** Given information **
______

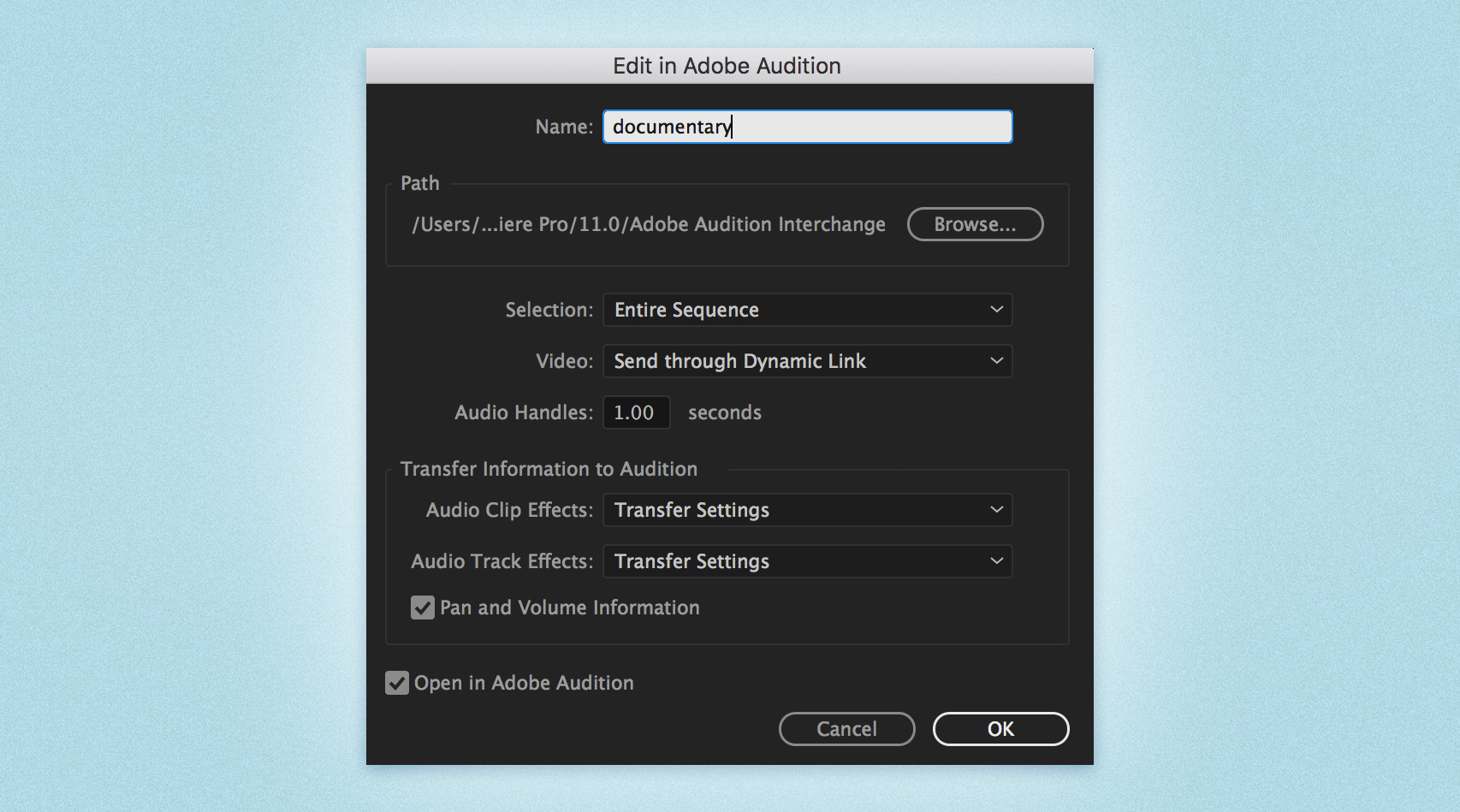 Name and Path of the Project generated (defaults to the sequence name which will be send to Audition).
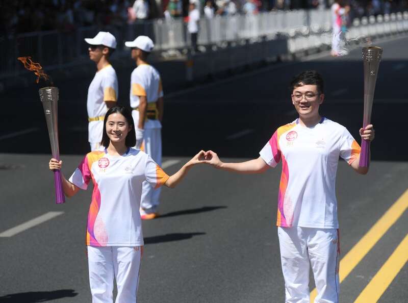 ↑火炬手王子震(右)和项珍珍在火炬传递中。
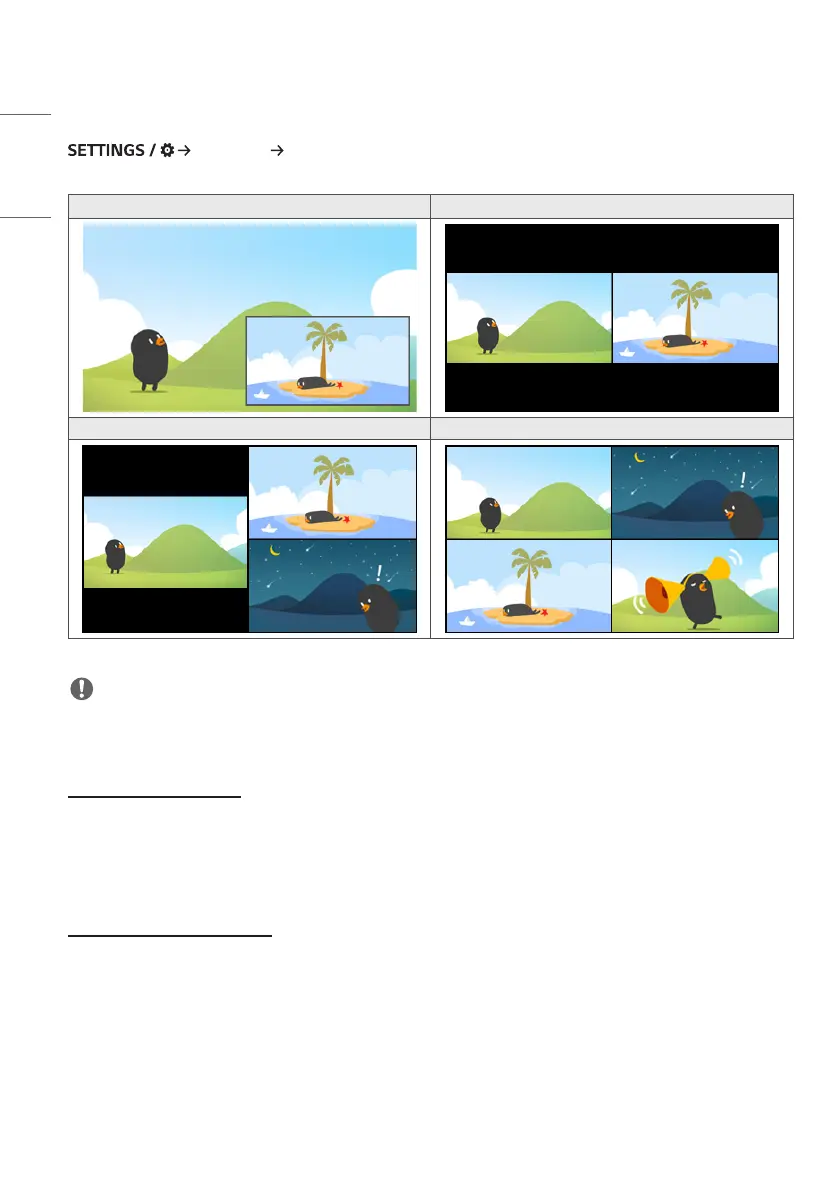 This feature allows you to view multiple external inputs and videos on a single screen.
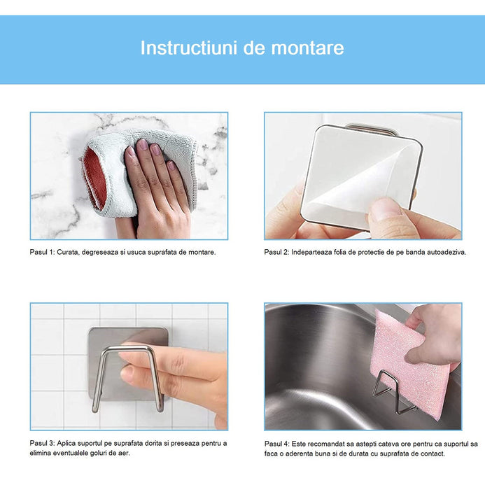 Fabricat din inox de inalta calitate, suportul este rezistent la apa, rugina si zgarieturi. Finisajul sau cromat este usor de curatat si de intretinut. Datorita modelului cu carlig deschis, buretele/laveta/accesoriile de curatenie se pot scurge si usca rapid. Suportul organizator include banda autoadeziva 3M cu fixare sigura, durabila si usoara. Aceasta ii permite prinderea pe multiple suprafete (netede) cum ar fi: sticla, ceramica, marmura, inox, metal, lemn, PVC. Sustine o greutate de pana la 3.5 kg si are multiple intrebuintari in baie, bucatarie sau hol: suport pentru burete de bucatarie, burete de baie, textile, accesorii de curatenie, ustensile de bucatarie, servetele, sticle, recipiente, reviste, umbrele, brelocuri, decoratiuni, etc.

______

** Required work **
All of the material above needs to be restated exactly, with no pictures.

** Task output **
 Name and Path of the Project generated (defaults to the sequence name which will be send to Audition).
 ↑火炬手王子震(右)和项珍珍在火炬传递中。
 This feature allows you to view multiple external inputs and videos on a single screen.
 Fabricat din inox de inalta calitate, suportul este rezistent la apa, rugina si zgarieturi. Finisajul sau cromat este usor de curatat si de intretinut. Datorita modelului cu carlig deschis, buretele/laveta/accesoriile de curatenie se pot scurge si usca rapid. Suportul organizator include banda autoadeziva 3M cu fixare sigura, durabila si usoara. Aceasta ii permite prinderea pe multiple suprafete (netede) cum ar fi: sticla, ceramica, marmura, inox, metal, lemn, PVC. Sustine o greutate de pana la 3.5 kg si are multiple intrebuintari in baie, bucatarie sau hol: suport pentru burete de bucatarie, burete de baie, textile, accesorii de curatenie, ustensile de bucatarie, servetele, sticle, recipiente, reviste, umbrele, brelocuri, decoratiuni, etc.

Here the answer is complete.